The Best Part of Breaking Up by Heather McPeake

The Best Part of Breaking Up by Heather McPeake

Author:Heather McPeake [McPeake, Heather]
Language: eng
Format: epub
Published: 2023-08-21T18:30:00+00:00


16.

When I was seven, I testified against my dad in court. I remember his posture more than anything. Slumped and defeated, like any moment he might crumple. He kept his face pressed into his hands the entire time, elbows propped on the table in front of him, so I couldn’t see his expression. To this day I’d swear there were tears in his eyes, though I never actually looked at him.

“Focus on me,” my mom’s attorney had said. “Just like we talked about.”

We’d gone through the directives a dozen times, and in the end, that’s exactly what I did. I sold my dad out.

It’s not that my dad had ever done anything wrong to me, but my mom and her counsel were incredibly convincing. Everything that my dad had perpetrated against my mom, they explained, he’d also done without regard for me. To me. They coached me say that I didn’t feel safe with my dad.

But I did, I told them.

Didn’t I?

They said I didn’t know yet how untrustworthy he was being, that he was manipulating me so that he could keep more of his money. They told me that my dad didn’t want me – or rather, they told me that my dad had said he didn’t want me to live with him. To a seven-year-old, that sounds a lot like the same thing.

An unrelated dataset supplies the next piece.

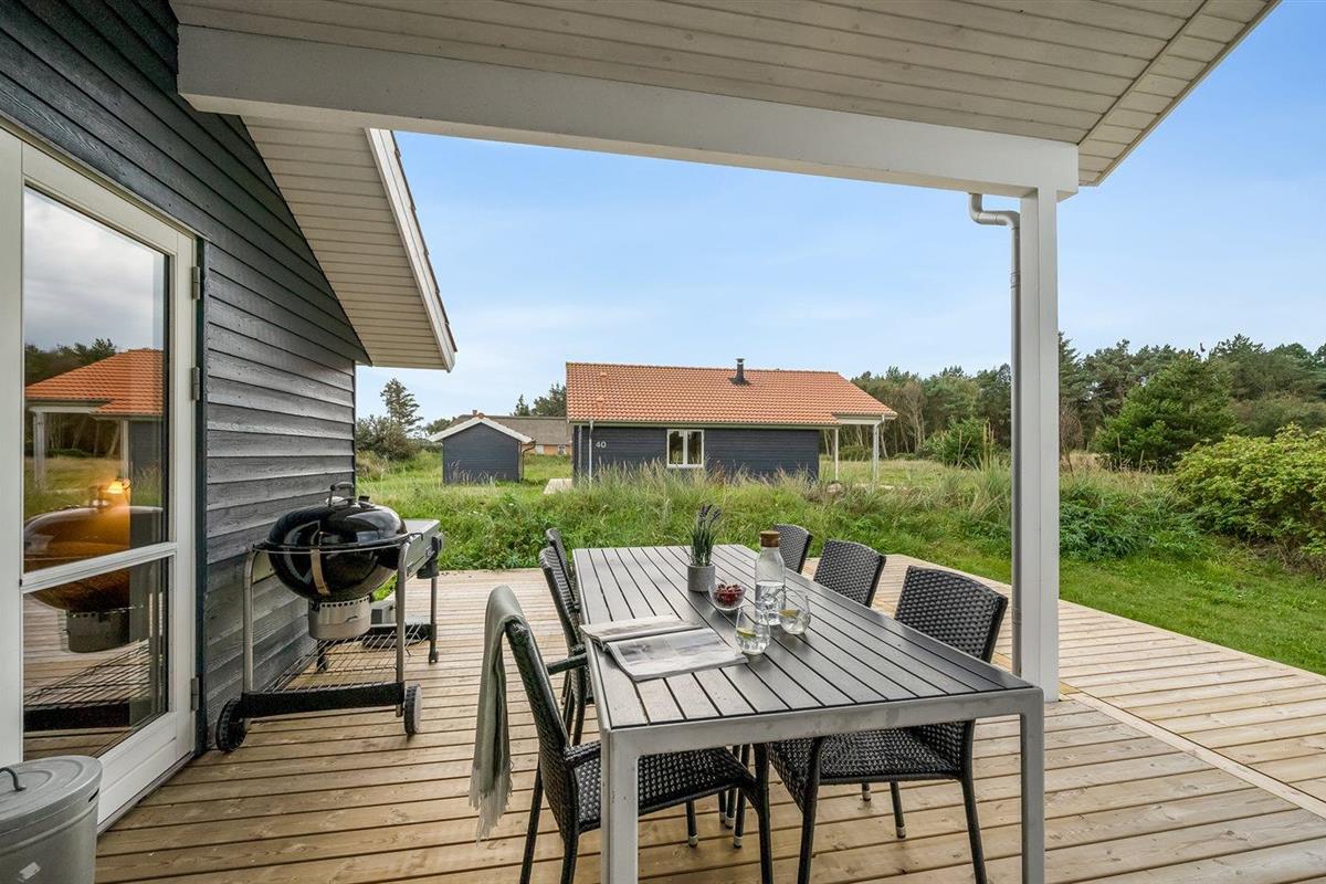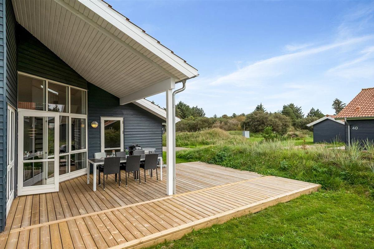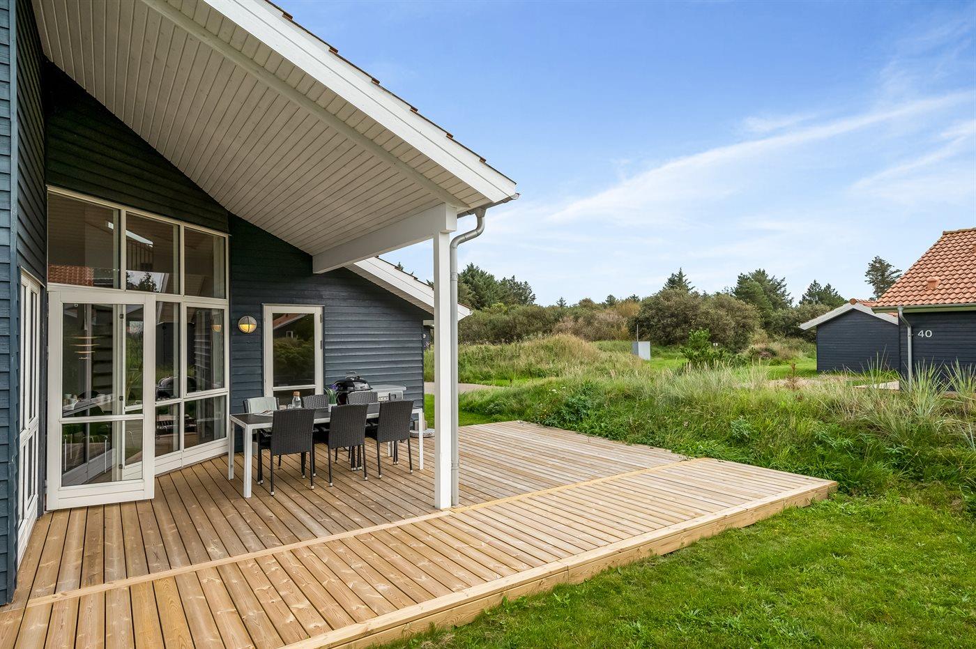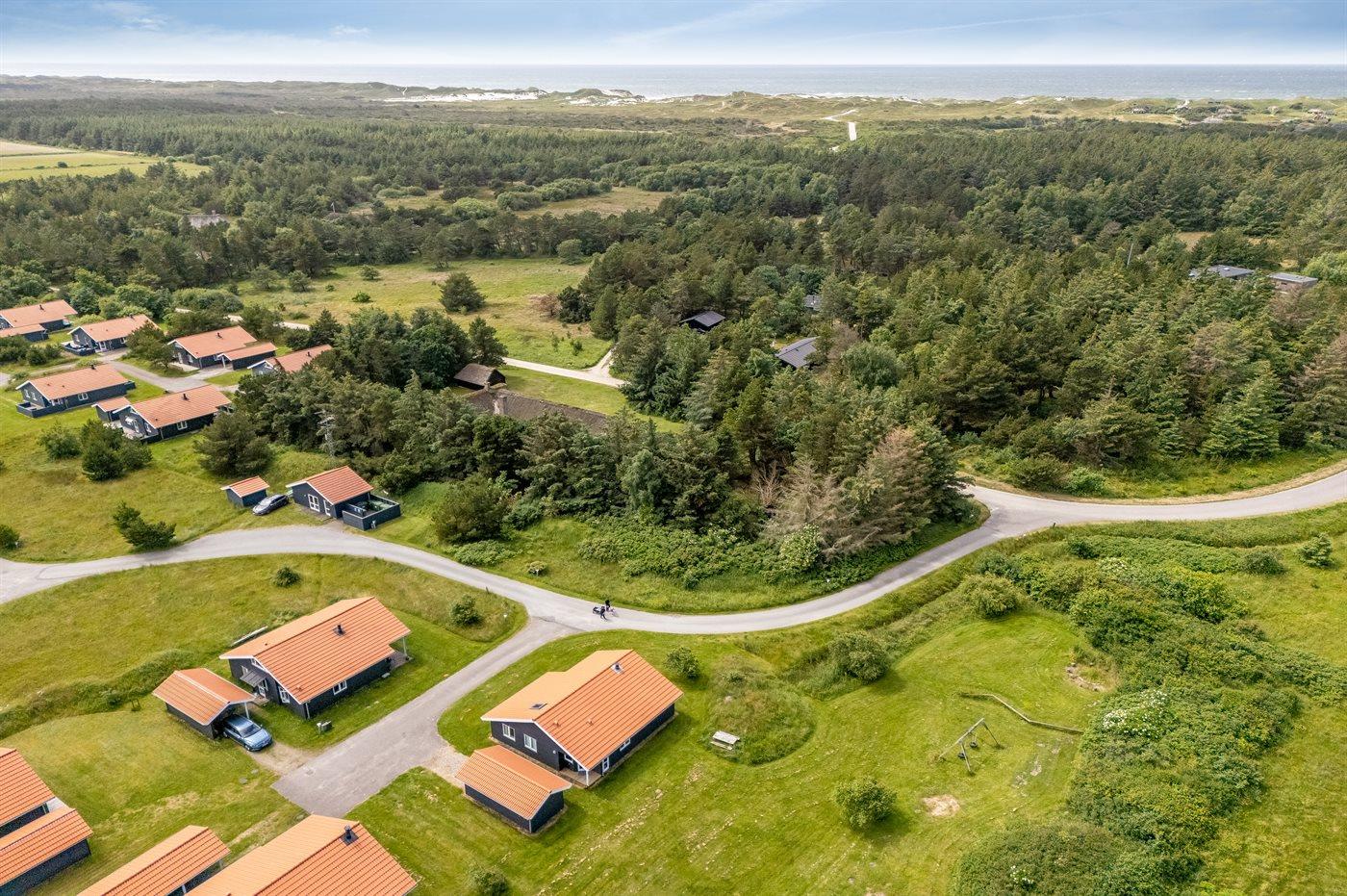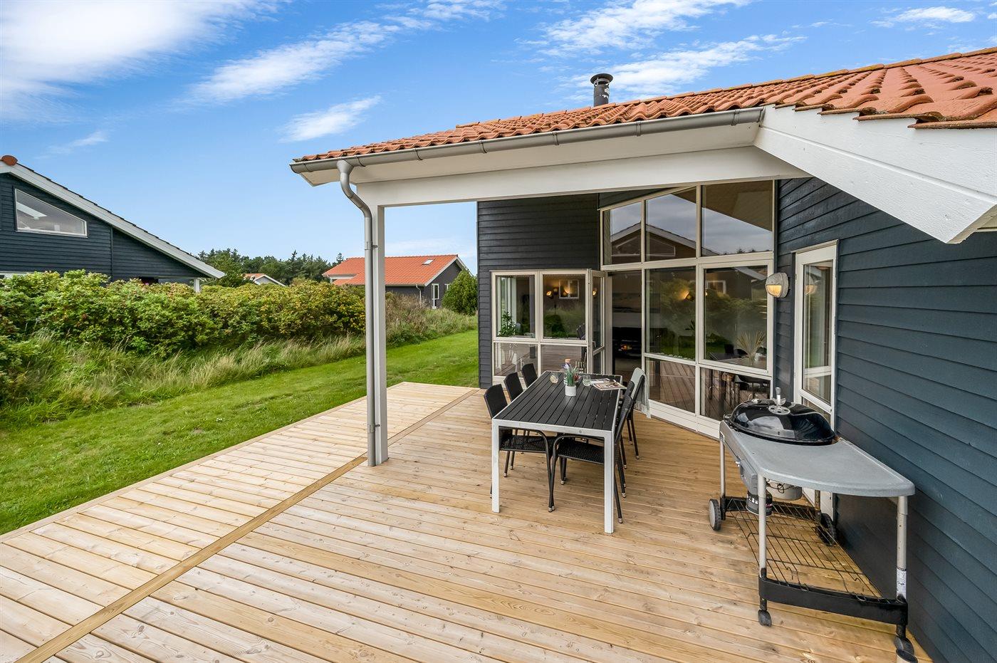 De vakantiewoning is gelegen op een 400 m² groot natuural grond. Afstand tot de zee 800 m. Afstand tot de fjord 1000 m. Dichtstbijzijnde winkel 3000 m. Er is een golfbaan op een afstand van 20000 m. Bij de vakantiewoning hoort terras. Daarnaast is er een overdekt terras. Afstand tot speelplaats 150 m. Barbecue. Carport ter beschikking. Parkeerplaats bij het huis.

On the flip side, he was telling me that my mom was lying in order to hurt him. Saying anything she could to destroy his life. That he loved me to the moon and back. That I had to believe him.

How was I supposed to feel about all this? It was a tornado, silently ripping its way through me. They were each begging me to trust them. In the end, I didn’t trust anyone, least of all myself.

I know there’s a big trend now about reassuring your kids the divorce has nothing to do with them. As a present-day divorce attorney, I’m a huge proponent of that trend, but I can tell you that kids are still quietly used as bargaining chips in too many situations. People love to act like kids aren’t people. They’re great to brag about, or pose for family photos, or attempt to conform to your agenda. It’s easy to get attached to that grand idea you had before they were ever born about how they were going to be with you: the activities they would participate in, the aspirational paths they’d pursue, the clothes they’d wear. And then we show up, and we’re our own people, with our own feelings and ideas, and things get complicated. Sometimes it’s subtle, and I can’t prevent all of it, but on the legal side? In the ones I negotiate? I try to make sure kids aren’t used as expendable trump cards. I never say things like, “We need you to speak up about this.”

And, for better or worse, I never let kids stay in the room while we discuss the particulars.